In so experiencing we are not really learning something new, or gaining knowledge; we have lived in the awareness of the current instant from the beginning of our lives. Awareness is always there when we are awake. It is not something difficult that we or our bodies achieve or attain. Nonetheless, we can acquire a deeper and purer experience of this background state of awareness by relaxing into the present moment. In doing so our appreciation of ‘mere’ awareness is enhanced and our preference for individual objects in our awareness reduces.

Tift describes how this approach brings you back to your original ground, your starting point, with a deeper appreciation of the awareness that characterises that ground. Your capacity to be aware of awareness has increased and intensified. He claims, ‘Resting in awareness is resting in a freedom that is not dependent on any conditions.’ There is nothing lacking in the present moment and this realisation allows us to commit fully to our embodiment and to what arises in mind and body, even where it is anxiety and psychological distress that arises from past experience. We agree to stay in the present with whatever is happening. In doing so we are no longer a self or subject located inside the content of our awareness, rather we are witnessing that content within the context of an awareness which is essentially impersonal.

(Bruce Tift, Already Free, Chapter 2)

In this way the fruitional, Buddhist, approach denies that the self has an independent, continuing existence. At any given moment, a moment in which we focus our attention on what is present, the self dissolves. And where our lives are simply a succession of current moments the self cannot have any continuing substance. The developmental approach, on the other hand, chooses to recognise that the self-view is real. It is something that has an evolutionary history in that selfhood favours survival and replication. It has a personal history too in that we unwittingly give it a shape as infants and children, particularly when we try to cope with physical or emotional distress. But as adults we can be free of it.

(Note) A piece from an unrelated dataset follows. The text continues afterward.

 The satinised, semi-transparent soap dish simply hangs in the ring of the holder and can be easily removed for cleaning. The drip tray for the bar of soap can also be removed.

Thus the developmental view treats the self as if it were real and substantial, and attempts to heal it. It regards psychological suffering as a substitute for experiential intensity. The fruitional view on the other hand treats the self as illusory and repeatedly returns the mind to the experience of the present moment where such intensity of experience is simply what it is. Tift speculates that the developmental approach is about becoming whereas the fruitional one is all about being, about what one is now. But in practice there is a dialogue between the two and either can prove effective in healing a suffering mind.

In both perspectives we begin our lives with the potential to experience everything, good or bad, within the present moment. But as infants we necessarily learn to reject what is ‘bad’ or uncomfortable, designating a part of our experience as unacceptable and to be suppressed. Yet as adults we can return to freedom by learning to accept whatever comes into our experience of the moment. In effect, we make a life journey from freedom, to enslavement, and then back to freedom.

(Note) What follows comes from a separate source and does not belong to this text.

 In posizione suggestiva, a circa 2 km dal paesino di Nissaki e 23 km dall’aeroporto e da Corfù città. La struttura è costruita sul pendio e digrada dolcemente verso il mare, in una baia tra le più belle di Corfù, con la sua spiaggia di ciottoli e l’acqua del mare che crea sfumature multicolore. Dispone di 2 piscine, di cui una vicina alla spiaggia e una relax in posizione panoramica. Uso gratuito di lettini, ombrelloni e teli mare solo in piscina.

The present moment is characterised by awareness, and Tift regards consciousness or awareness as primary, unconstructed. It is the most basic aspect of our day-to-day and moment-to-moment experience. It is present in each moment of conscious experiencing. Yet at the same time it is our ‘ordinary’ mind, and the real mystery is why we are so often unaware of awareness. He notes, ‘Our very nature is that of an open, never-resolvable stream of experiencing and the always-present awareness of this display. Our very nature is that of freedom’.

Both approaches have the human subject as their focus, and ordinary human sensations and emotions as their concern. Both acknowledge that each of us wants to experience life in freedom. But they recognise that the pursuit of positive experiences over the negative will not achieve this for us, simply because all human lives must contain both. Thus, the key to psychological welfare lies in how we engage with and relate to our experience, not primarily what kind of experience we have. And we can only engage with our experience in the present moment.